How much weight can a double porch swing hold?

A properly built 60-inch cedar swing with ½” forged eye bolts and 3/8″ chain holds 800–1,000 pounds. The practical three-adult load (600 lbs) provides a 1.3–1.7× safety margin from the hardware. The ceiling beam and its fasteners are always the weakest link in any porch swing installation — verify beam size and condition before hanging a heavy triple-capacity swing.

Does a double porch swing need a wider porch?

Yes. A 60-inch swing needs a minimum 10-foot porch bay (leaving 15″ clearance per side) and adequate fore-and-aft swing depth — at least 48 inches from the hanging point to the nearest wall or railing behind the swing at rest position, plus 24–30 inches forward for swing travel. On a standard 8-foot deep porch, a 60-inch swing may work geometrically but can feel cramped. A 10-foot deep porch is the practical minimum for comfortable swing travel.

What’s the difference between a double swing and a swing bed?

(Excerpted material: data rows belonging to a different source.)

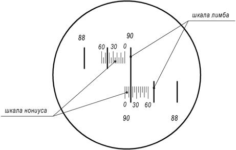 Отсчитывание углов по лимбу и алидаде производится с помощью специального оптического отсчетного устройства – шкалового микроскопа.
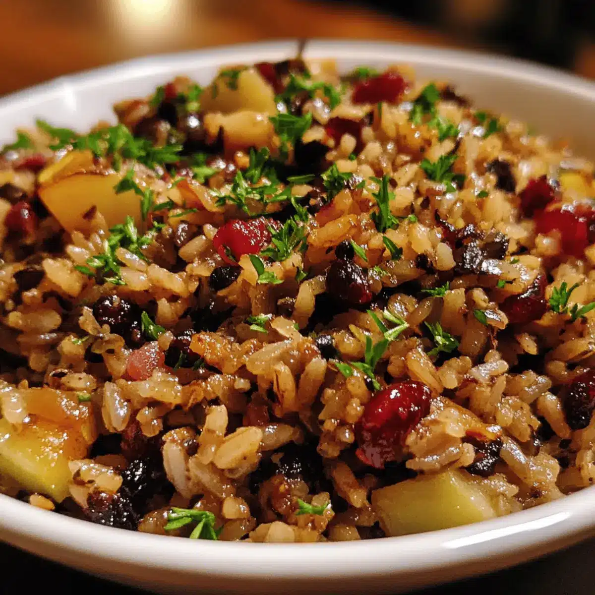 Effortless Elegance: This dish combines simple ingredients into a sophisticated side that impresses without stress. Bursting Flavors: Tart cranberries and toasted nuts add vibrant bursts of taste and texture. Nutritious and Wholesome: Packed with fiber-rich wild rice and fresh fruits, it’s a nourishing choice. Festive Appeal: The colorful presentation brightens up any Thanksgiving plate. Versatile and Crowd-Pleasing: Perfect alongside turkey or as a standalone vegetarian option that everyone will love.
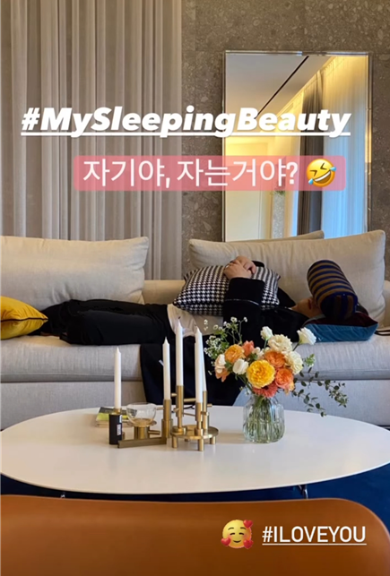 한예슬은 사진 상단에 'My Sleeping Beauty', 하단에 'I LOVE YOU' 문구도 태그해 남자친구에 대한 애정을 드러냈다.
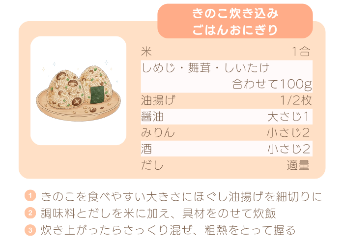 - 秋の味覚「きのこ炊き込みごはんおにぎり」
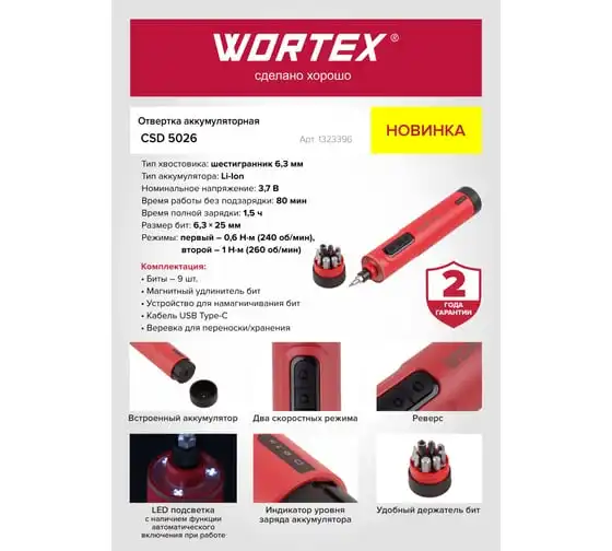 Электрическая отвертка WORTEX CSD 2016 в блистере 1323397
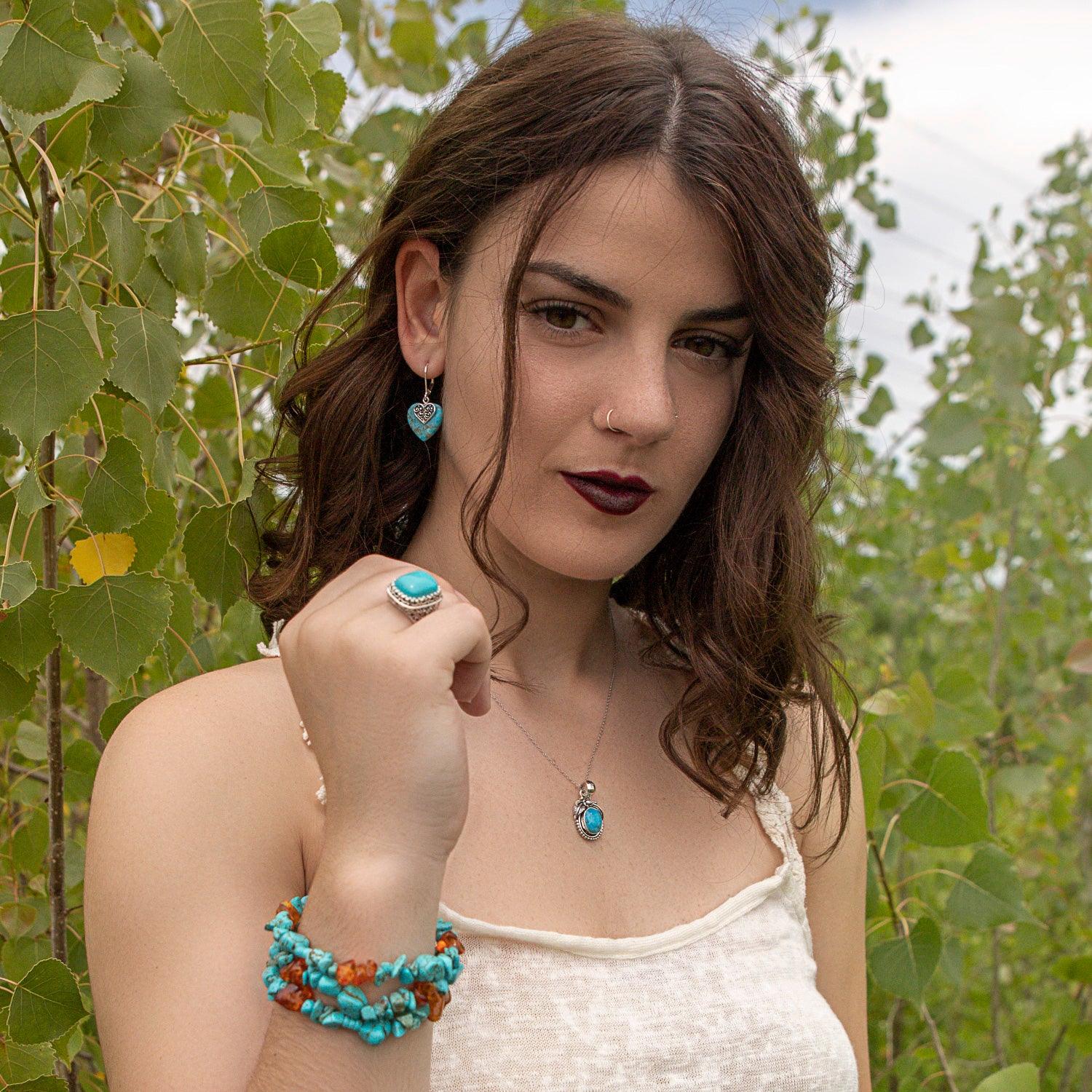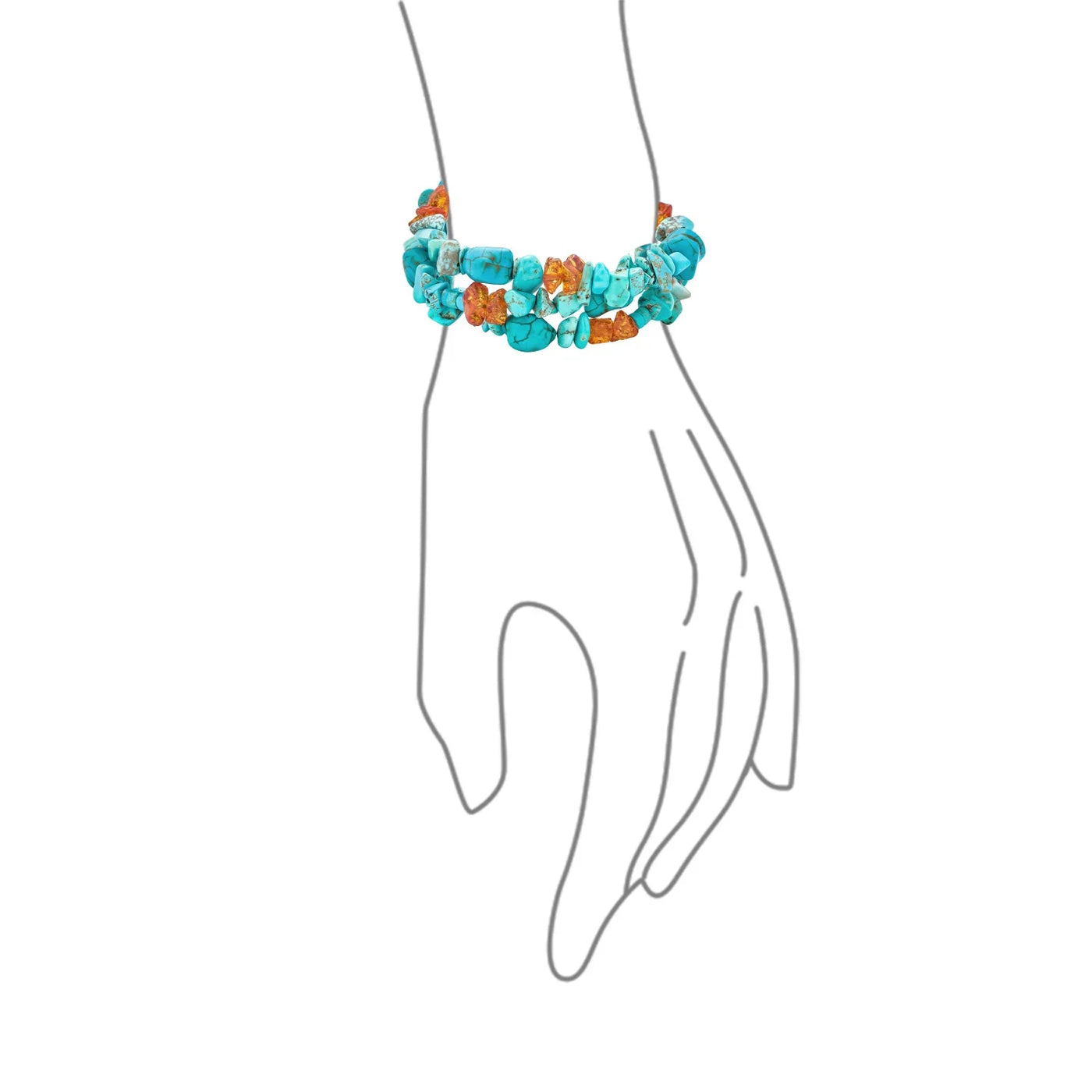 - An exquisite wide multi strand gemstone chip bracelet to add a luscious pop of color with Western chic glam to every look. This stunning bracelet features a vivid two tone, three strand design, with Stabilized Turquoise nuggets and amber, with a sterling silver bar clasp.
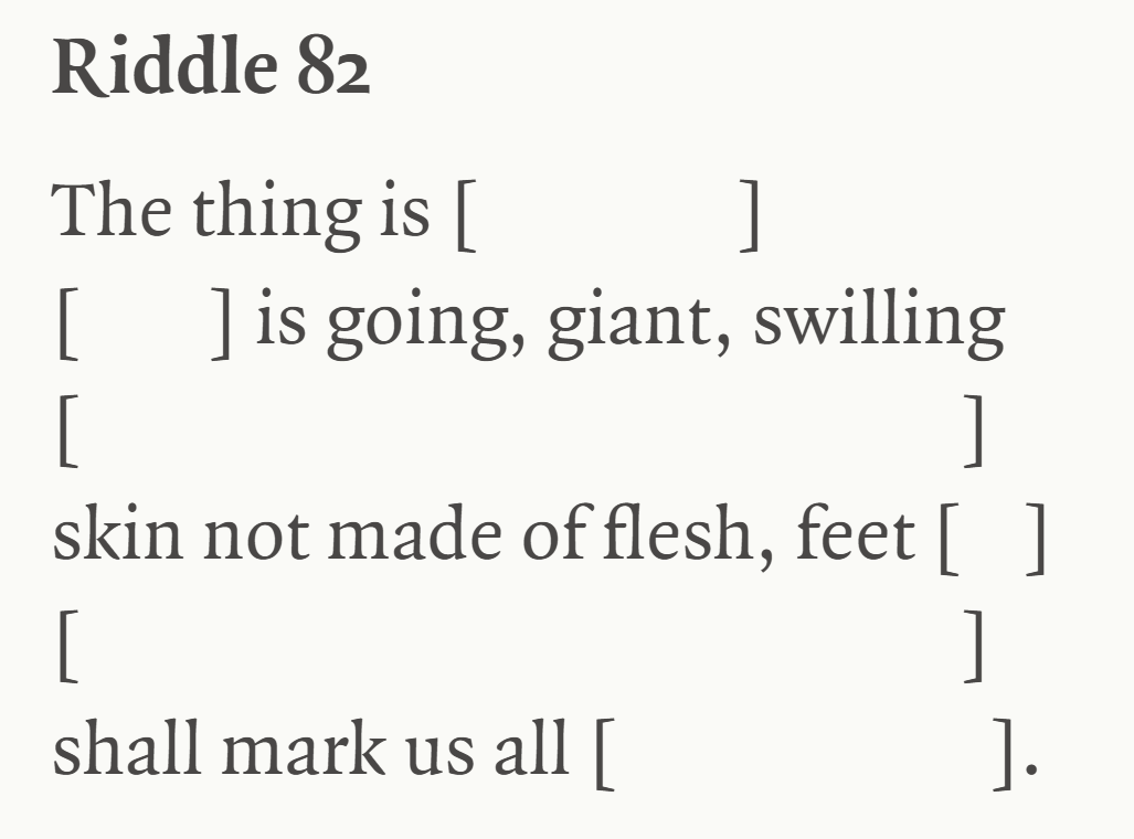 Oberman’s isn’t confected, as Pound’s is, although by printing it as a standalone poem, as he does, he taps into the suggestivity of Pound’s poetic strategy. ‘Riddle 82’ becomes a poem about something rather ominous: something with skin—a point of contact with us—but no flesh behind it; something growing, swallowing things as it goes, an already gigantic entity that, like Revelation’s mark of the beast, shall mark us. To which, for a poem published in 2017, makes me think: the internet.

Width and orientation. A double porch swing is a standard swing scaled up — 60 inches wide, same depth as a standard swing (22 inches), people sit side by side. A swing bed is 72–80 inches long (the long dimension runs front-to-back), wide enough to lie down fully (48–54 inches), and has no back. A double swing seats three adults; a swing bed accommodates one or two people in a reclined position. They’re different products for different uses.

Can I use the same ceiling eye bolts for a double swing as a standard swing?

No. A double swing at full load requires ½” eye bolts (rated 1,000 lbs working load) versus the 3/8″ bolts (rated 500 lbs) used on a standard two-person swing. The bolt diameter increase doubles the working load rating and significantly increases the bearing surface where the bolt threads into the beam. Using undersized hardware is the most common and most dangerous mistake in porch swing installation — always match hardware to rated load, not to what “looks right.”

How far apart should the hanging points be on a 60-inch swing?

The two front hanging points are 10 inches from each end of the front rail (40 inches apart from each other). The two rear hanging points are 10 inches from each end of the back rail. This creates a hanging rectangle 40 inches wide × (seat depth + hardware offset) deep. The ceiling eye bolts should be positioned directly above or slightly inboard of the swing eye bolts — never outboard, which would angle the chains or rope outward and reduce lateral stability.